"You're saying, essentially, that she will accept this duty because of love for humanity. Did she have love in her life? A man? Children?"
Her camera crew was warming to the task. They had not brought a monitor into the tiny space, and now she wished they had. It might be an OK piece, after all.
While staring at this brain behind glass, Beatriz knew that it was alive, a person. She also realized that the tech was surrounded by the squad that had murdered her crew and he probably hadn't the slightest inkling of what had happened.
No one will know if I don't tell them, Beatriz thought. I'm like this brain, cut off but alive inside. I wonder what she dreams?
"I know very little about the person," he said. "It's in the record. I do know that she had a child that was given up for adoption so that she could continue her studies in the kelp outposts."
"Dr. MacIntosh stated two years ago that Organic Mental Cores were crude, cruel, inefficient and unnecessary," she said. "Do you have a comment on that?"
The tech cleared his throat.
"I respect Dr. MacIntosh. He, along with the Director and this OMC, is one of the last survivors of the original flight of the old Earthling - 'Ship,' if you prefer. Yes, it's true that there were failures, and this required some compensation, but those bugs have been worked out."
"For some of our viewers, your term 'compensation' might seem a little cold. The 'compensation' you refer to was the first known creation of an artificial intelligence - one that turned out to be smarter than its creators, one that many believe is the personality 'Ship,' one that most Pandorans still revere as a god. Why did your department pursue the failed course of OMCs, severed living brains, rather than pick up on the artificial intelligence?"
"We were instructed to take this course."
"You were ordered to take this course," she corrected. "Why? Why is the Director more comfortable with failure than with the success that saved his lif... and hers?"
Beatriz pointed to the OMC, wired into her box, deaf, blind and dumb beside her warm, dead host.
"That's enough!"
The captain's voice behind her froze her spine and started her hands trembling. She was stunned silent again while the tech and her crew inspected the deck and their shoes.
"I'll speak with you in the cabin."
She followed him out of the shuttle storage lockers and into the dimly lit passenger cabin.
"I had to stop you," he said. "It is expected of me, no matter what my opinion. Soon there will be no need for deception. Prepare for docking. There will be briefing materials for the next Newsbreak when we get aboard."
Three Orbiter security lounged at the docking bay as the hatch opened from the shuttle. They were ready for the press, for the Holovision cameras, but they weren't ready for Captain Brood. The captain remained inside the hatchway, with Beatriz beside him.
"Three men out there," he said to her in a gentle voice. His eyes held her with that same wild glitter.
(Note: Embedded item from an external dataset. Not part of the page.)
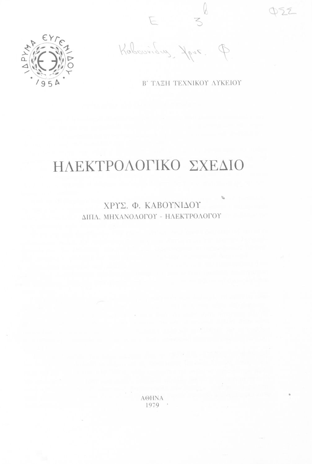 Σχολικό εγχειρίδιο Ηλεκτρολογικού Σχεδίου Β' Τεχνικού Λυκείου που αποτελεί εισαγωγή στο τεχνικό και ηλεκτρολογικό σχέδιο και παρουσιάζει τη σύνθεση και διάταξη των διαφόρων ηλεκτρικών κυκλωμάτων.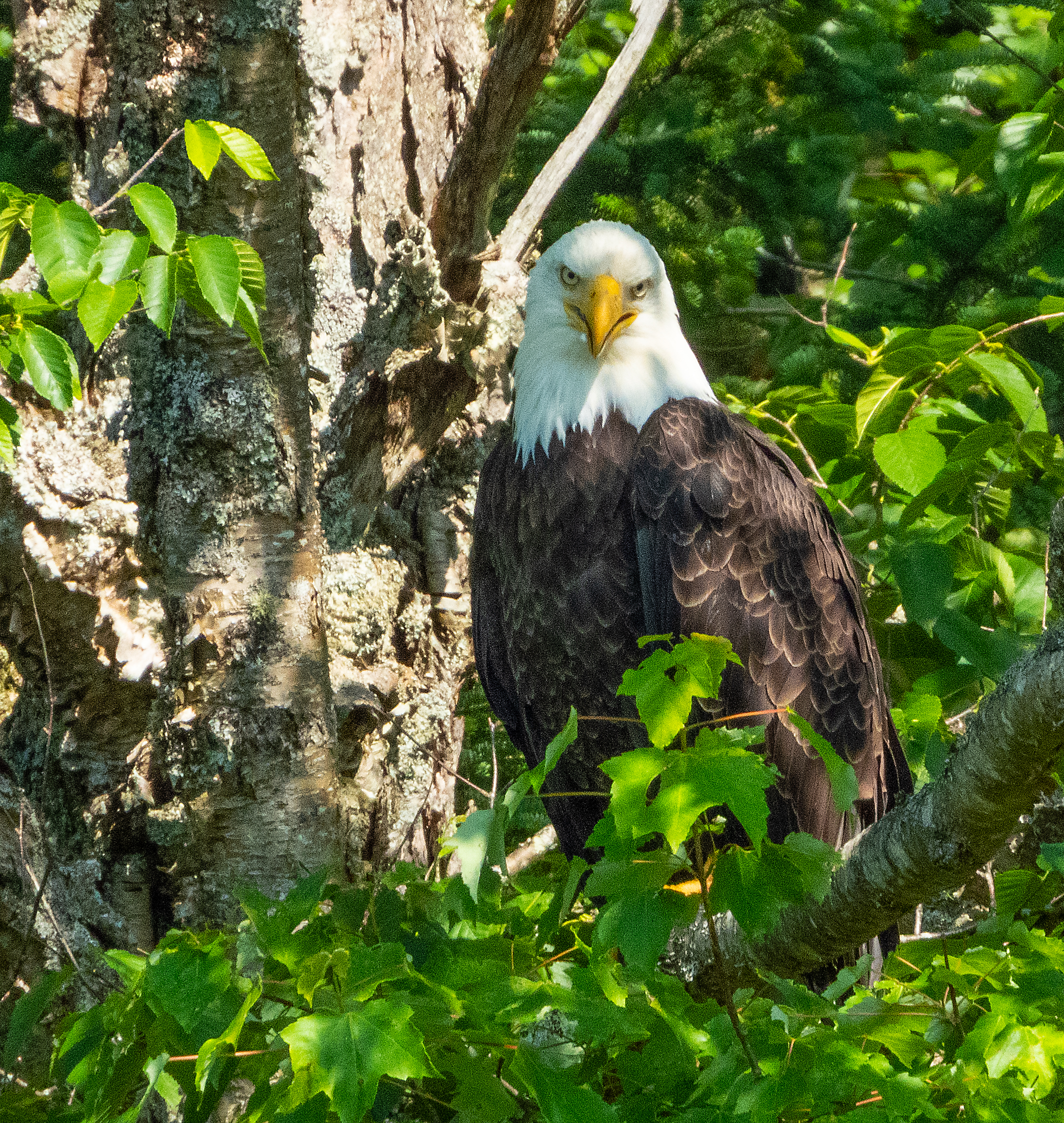 Typical human, I was driving along a back dirt road along Horseshoe Lake — a favorite place to spot cedar waxwings and hummingbirds.  As I rounded a curve approaching a lovely outlet near the lake, I heard a loon calling nearby, and thought it strange since usually the loons are far out on the lake. As I came around the curve and the loon call grew louder, I was startled to see a beautiful big bald eagle perched calmly on a lower branch of a small sapling just across the outlet:

She tried not to look at his face. "Choose one for yourself. One t... entertain yourself."
She was stunned at the question and his calm, disarming manner. She felt a something rise at the back of her neck, something that she'd felt tingling there before the killing started groundside.
"You want none of them?" he answered for her. "How fickle."
He pulled her aside and signaled the men behind them to fire. In seconds nearly a quarter of the Orbiter's token security force lay dead on the deck.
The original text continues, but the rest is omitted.